My posts have been rather short of late, mostly a compilation of links. This post will be no exception. I wish I could say my limited blogging has been a victim of whirlwind vacation adventures across the world, but it’s actually because I’m in the midst of applying to jobs in a downturned academic market. Blogging time has thus taken a hit. But after Labor Day…
- It was actually two years ago now that I had posted about a young man in Malawi and his windmill. I continue to find his story inspiring and look forward to his forthcoming autobiography, especially after this review.
- As the new school year is quickly approaching, Chris Blattman gives some advice to students.
- There are some health problems that I think deserve as much, if not more, attention than AIDS; maternal mortality is one of them. From the Washington Post, I learned that in Sierra Leone, one in eight women die in childbirth (HT: duckrabbit). A couple of weeks ago, I learned something new from Karen Grepin’s post highlighting the frequency of post-partum hemhorrage in maternal deaths. More recently, she reminds us that America is not immune to maternal mortality.
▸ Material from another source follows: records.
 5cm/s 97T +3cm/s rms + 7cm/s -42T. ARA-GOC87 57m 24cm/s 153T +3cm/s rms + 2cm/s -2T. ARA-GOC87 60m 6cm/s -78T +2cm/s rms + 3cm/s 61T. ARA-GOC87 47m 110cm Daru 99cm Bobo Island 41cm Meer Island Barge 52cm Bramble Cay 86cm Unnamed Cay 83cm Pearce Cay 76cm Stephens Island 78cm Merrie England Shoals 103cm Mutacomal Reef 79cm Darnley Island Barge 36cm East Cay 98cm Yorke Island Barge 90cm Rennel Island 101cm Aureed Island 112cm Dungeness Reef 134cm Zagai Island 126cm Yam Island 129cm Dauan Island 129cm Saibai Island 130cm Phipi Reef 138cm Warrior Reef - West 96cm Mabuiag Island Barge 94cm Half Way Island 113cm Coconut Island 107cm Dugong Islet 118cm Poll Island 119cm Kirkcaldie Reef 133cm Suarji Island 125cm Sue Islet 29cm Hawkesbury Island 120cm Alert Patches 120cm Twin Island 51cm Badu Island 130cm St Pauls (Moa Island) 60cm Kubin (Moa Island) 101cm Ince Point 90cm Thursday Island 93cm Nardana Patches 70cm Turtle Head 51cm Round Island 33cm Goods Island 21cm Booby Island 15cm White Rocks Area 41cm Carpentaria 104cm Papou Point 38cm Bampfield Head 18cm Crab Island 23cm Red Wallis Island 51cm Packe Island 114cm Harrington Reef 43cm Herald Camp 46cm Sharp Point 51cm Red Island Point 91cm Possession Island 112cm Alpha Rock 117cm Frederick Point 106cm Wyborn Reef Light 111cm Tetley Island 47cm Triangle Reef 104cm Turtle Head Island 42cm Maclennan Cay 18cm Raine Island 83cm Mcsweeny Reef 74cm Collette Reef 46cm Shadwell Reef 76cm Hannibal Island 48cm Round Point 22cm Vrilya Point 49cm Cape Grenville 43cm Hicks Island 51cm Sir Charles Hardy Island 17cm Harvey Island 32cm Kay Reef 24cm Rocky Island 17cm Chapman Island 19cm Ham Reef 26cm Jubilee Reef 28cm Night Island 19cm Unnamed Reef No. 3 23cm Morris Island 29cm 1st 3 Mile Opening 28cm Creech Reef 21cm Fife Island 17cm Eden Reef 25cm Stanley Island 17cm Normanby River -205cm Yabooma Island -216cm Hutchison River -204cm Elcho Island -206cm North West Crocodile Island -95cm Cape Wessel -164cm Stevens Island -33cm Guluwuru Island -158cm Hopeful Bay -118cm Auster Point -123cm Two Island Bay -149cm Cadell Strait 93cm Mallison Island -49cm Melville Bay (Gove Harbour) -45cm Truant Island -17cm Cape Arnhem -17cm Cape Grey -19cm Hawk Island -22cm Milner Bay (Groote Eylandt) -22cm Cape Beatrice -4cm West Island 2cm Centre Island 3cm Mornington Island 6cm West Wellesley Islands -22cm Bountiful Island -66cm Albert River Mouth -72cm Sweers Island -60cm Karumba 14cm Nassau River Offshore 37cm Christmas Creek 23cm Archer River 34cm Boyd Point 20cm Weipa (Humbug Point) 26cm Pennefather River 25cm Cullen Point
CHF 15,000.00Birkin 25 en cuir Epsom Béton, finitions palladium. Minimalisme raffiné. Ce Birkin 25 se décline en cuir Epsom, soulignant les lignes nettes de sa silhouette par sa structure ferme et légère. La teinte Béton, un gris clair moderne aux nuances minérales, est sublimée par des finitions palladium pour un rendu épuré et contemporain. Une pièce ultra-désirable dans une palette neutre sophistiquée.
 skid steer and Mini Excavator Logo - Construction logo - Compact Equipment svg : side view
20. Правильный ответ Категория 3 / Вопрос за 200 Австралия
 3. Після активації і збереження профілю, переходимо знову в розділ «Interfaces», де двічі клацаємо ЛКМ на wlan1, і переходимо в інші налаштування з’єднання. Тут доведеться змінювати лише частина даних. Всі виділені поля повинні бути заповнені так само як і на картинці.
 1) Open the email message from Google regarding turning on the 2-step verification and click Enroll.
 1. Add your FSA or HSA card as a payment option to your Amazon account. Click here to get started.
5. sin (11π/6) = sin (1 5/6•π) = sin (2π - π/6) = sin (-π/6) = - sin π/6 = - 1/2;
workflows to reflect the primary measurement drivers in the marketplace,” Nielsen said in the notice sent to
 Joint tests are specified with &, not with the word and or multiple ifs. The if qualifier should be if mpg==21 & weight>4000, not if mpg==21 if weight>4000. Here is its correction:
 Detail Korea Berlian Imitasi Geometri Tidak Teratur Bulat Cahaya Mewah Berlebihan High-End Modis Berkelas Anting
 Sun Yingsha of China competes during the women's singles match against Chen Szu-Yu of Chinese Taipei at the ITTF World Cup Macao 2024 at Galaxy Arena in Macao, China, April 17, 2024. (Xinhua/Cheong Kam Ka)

- Another bio I’m interested in reading after an interview with the author on PRI last week is Strength in What Remains. Easterly wrote a review about the book in the WSJ, which prompted my favorite blog post of the week: a response from a reader in Burundi:
Burundi is certainly very poor, and I am working with the landless Batwa, by far the poorest of the poor. But I am more struck by affirmations of human dignity than I am by human degradation, and I live quite safely here as a single woman. Public health in Burundi is what one might expect in a nation still emerging from a long civil war, but even in healthcare, there are bright spots; e.g., a well-functioning national tuberculosis plan.
- Finally, the debate on poverty porn continues with a recent video from Doctors Without Borders and this post from Aid Thoughts links to a great video featuring Djimon Hounsou.